In addition to this, a Wall Street Journal report also mentions that the CRC is in the process of recruiting new firms to its steadily growing roster. This is being done in order to expand the CRC’s market presence as well as provide the independent crypto body with an air of mainstream legitimacy. 

From a technical standpoint, the recently formed council will publish online ratings for digital assets, scoring them on a scale of one to five, where the higher number indicates that a particular asset can be considered a security and thus cannot be issued, sold or traded by unregulated firms.

On the subject of whether the CRC will prove to be a positive development for the industry at large, Cointelegraph reached out to Carlos J. Molina, former vice president at Merrill Lynch & Co., executive director of Morgan Stanley’s Private Wealth Management Group and the current chairman of Private Investment Bank Limited. He told Cointelegraph that, as someone who keeps a close eye on the industry, he is a great supporter of the council:

“The membership’s goal is an important one, in terms of trying to bring legitimacy and regulation for continued expansion, scale and reliability. I admire the effort put forth by all companies who have joined in this initiative. However — as I’m looking at it from a banking and investment perspective. […] I believe they need a wider involvement from others in the securities industry and experts who have experience complying with all regulations and standards, globally.”

Molina further added that it was one thing to have top practitioners taking part in the council’s various initiatives and activities, but to have full-scale experience and perspective to ensure compliance with international securities issuance standards requires a whole new level of industry involvement. He pointed out:

“The end-goal must be investor protection. This focus would really increase the credibility of the CRC and make a significant impact on end-to-end compliance regulations with the SEC, and other recognized regulatory institutions.”

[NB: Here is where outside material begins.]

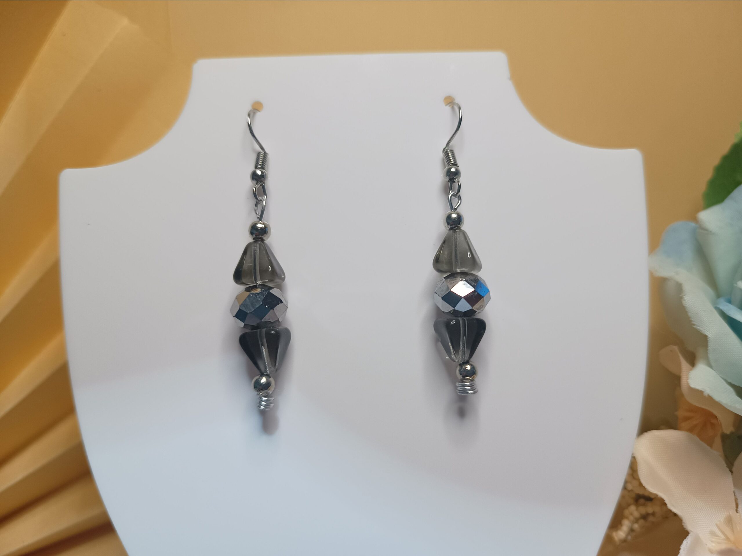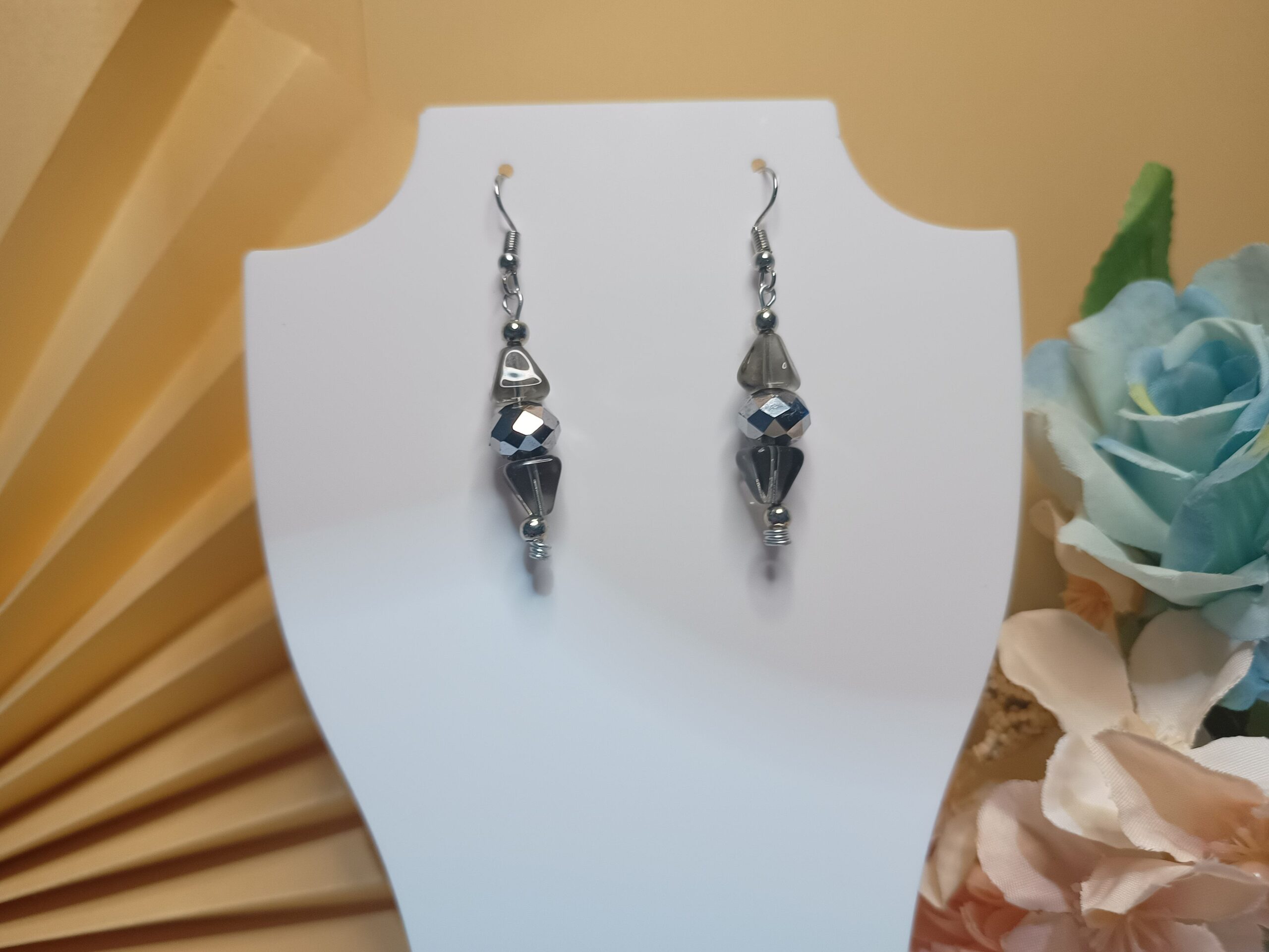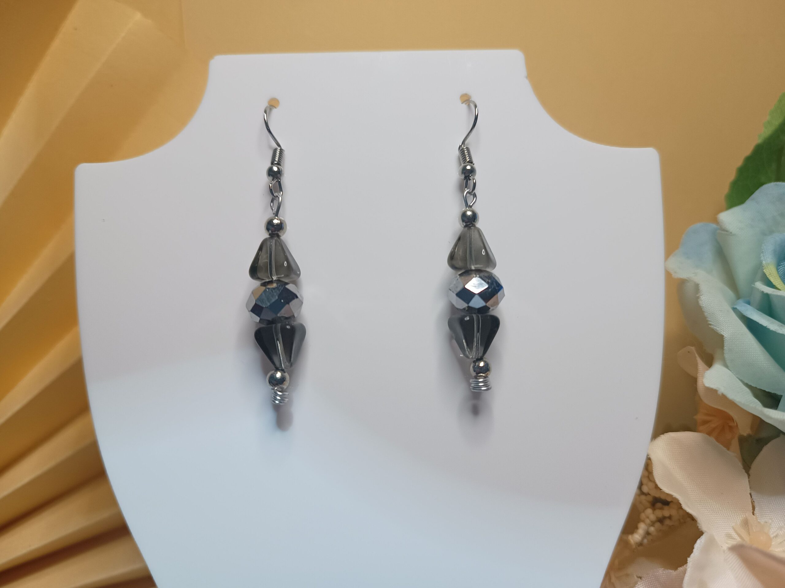 Brincos em cristais prateados e muranos em forma piramidal na cor fumê, com contas metálicas na cor prateada e base anzol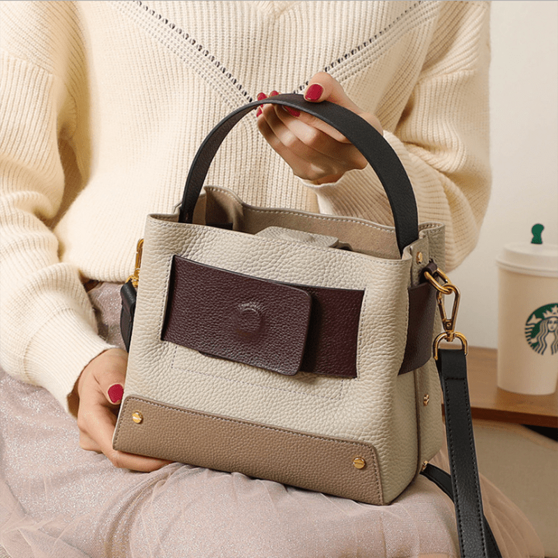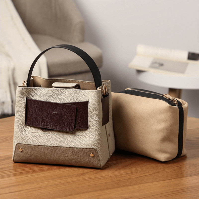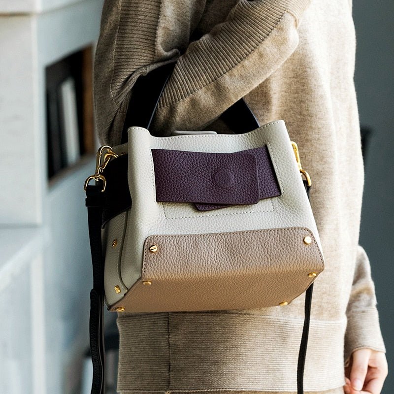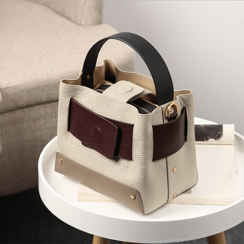 Wide Handle Natural Cowhide Leather Ladies Shoulder Bag

While Molina’s views regarding the CRC seem to be quite warm and optimistic, Kris Marszalek, CEO of Crypto.com, is of the opinion that even though the basic premise of the CRC is well-intentioned and understandable, it may end up doing the industry more harm than good. 

Maeszalek told Cointelegraph that in its attempt to bring clarity to this space, the CRC’s opaque rating rules could cloud already-murky waters and add to the confusion that has plagued the crypto market for nearly a decade now. He then went on to say:

“Regulators have had ample opportunity to be supportive of the industry’s efforts to self-regulate over the years, but didn’t take it. I don’t think regulators in the U.S. will perceive the CRC as a viable means to self-regulation; instead they will view it as a misguided attempt that lacks legitimacy and leaving the industry again in need of regulatory clarity.”

Will regulators recognize the CRC?

A pertinent question that has been floating around on the internet since the launch of the CRC is whether or not regulatory bodies like the U.S. Securities and Exchange Commission (SEC) will now alter their own classifications of crypto assets. 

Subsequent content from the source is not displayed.